═══ Data listing
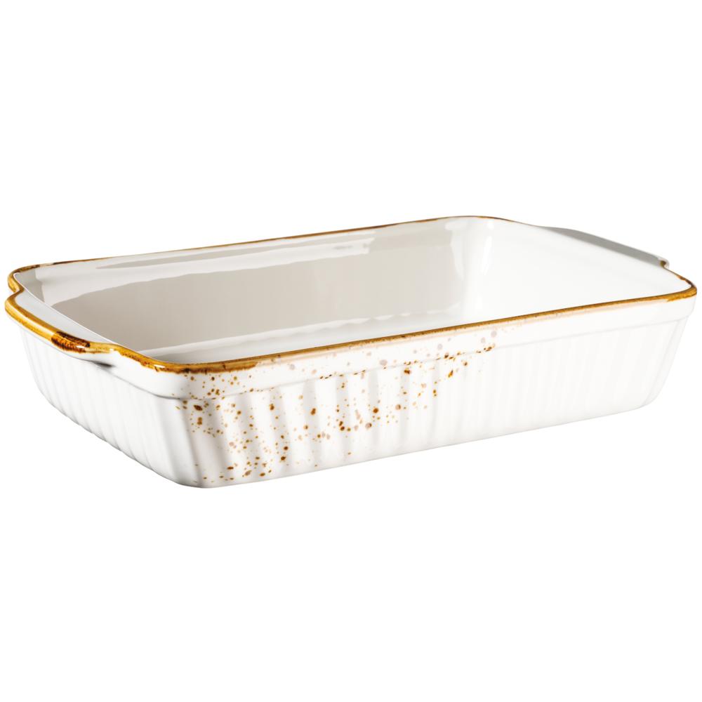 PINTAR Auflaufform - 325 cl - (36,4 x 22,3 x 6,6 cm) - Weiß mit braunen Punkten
══════
═══ Data listing
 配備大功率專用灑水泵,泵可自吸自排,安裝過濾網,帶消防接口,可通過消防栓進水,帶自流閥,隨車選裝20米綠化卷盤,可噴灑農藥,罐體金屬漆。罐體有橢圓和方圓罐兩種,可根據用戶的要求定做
══════
═══ Data listing
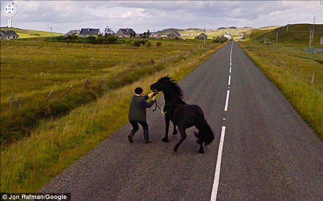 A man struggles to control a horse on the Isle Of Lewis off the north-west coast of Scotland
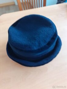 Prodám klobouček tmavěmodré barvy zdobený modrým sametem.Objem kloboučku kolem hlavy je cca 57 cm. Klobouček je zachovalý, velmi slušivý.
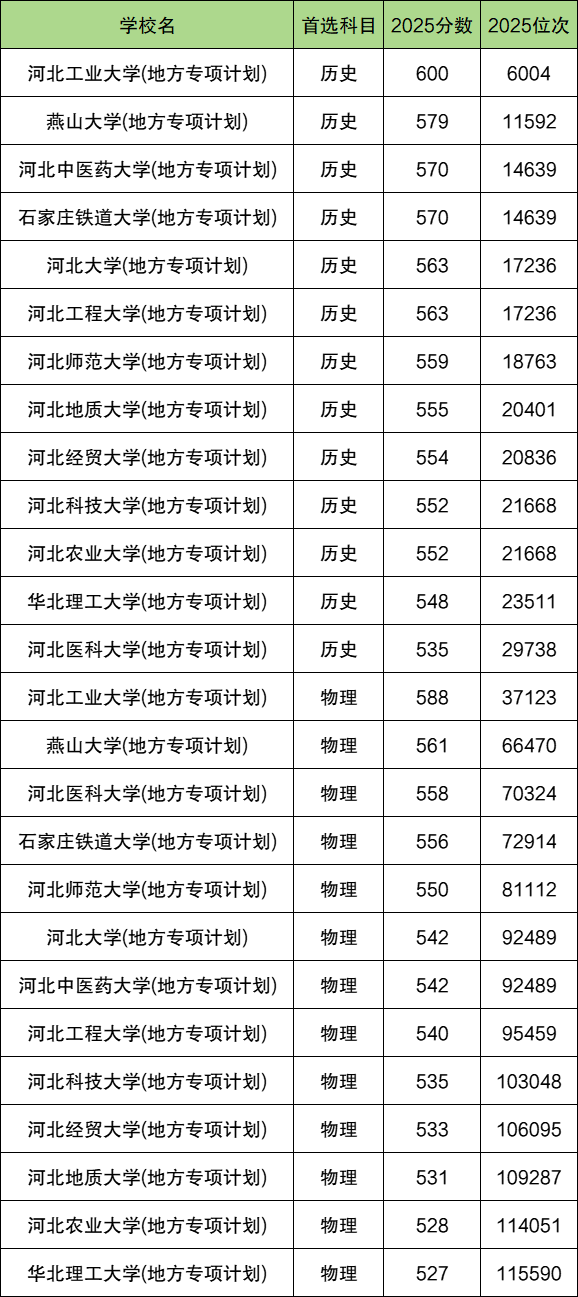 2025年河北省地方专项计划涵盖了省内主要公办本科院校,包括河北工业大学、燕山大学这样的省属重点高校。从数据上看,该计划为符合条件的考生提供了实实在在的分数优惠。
══════
### Required action
Your output should be the lines above from the one that contains "A man struggles" through the one that contains "2025年河北省地方专项计划", word for word, with pictures left out.

### Exercise response
 A man struggles to control a horse on the Isle Of Lewis off the north-west coast of Scotland
 Prodám klobouček tmavěmodré barvy zdobený modrým sametem.Objem kloboučku kolem hlavy je cca 57 cm. Klobouček je zachovalý, velmi slušivý.
 2025年河北省地方专项计划涵盖了省内主要公办本科院校,包括河北工业大学、燕山大学这样的省属重点高校。从数据上看,该计划为符合条件的考生提供了实实在在的分数优惠。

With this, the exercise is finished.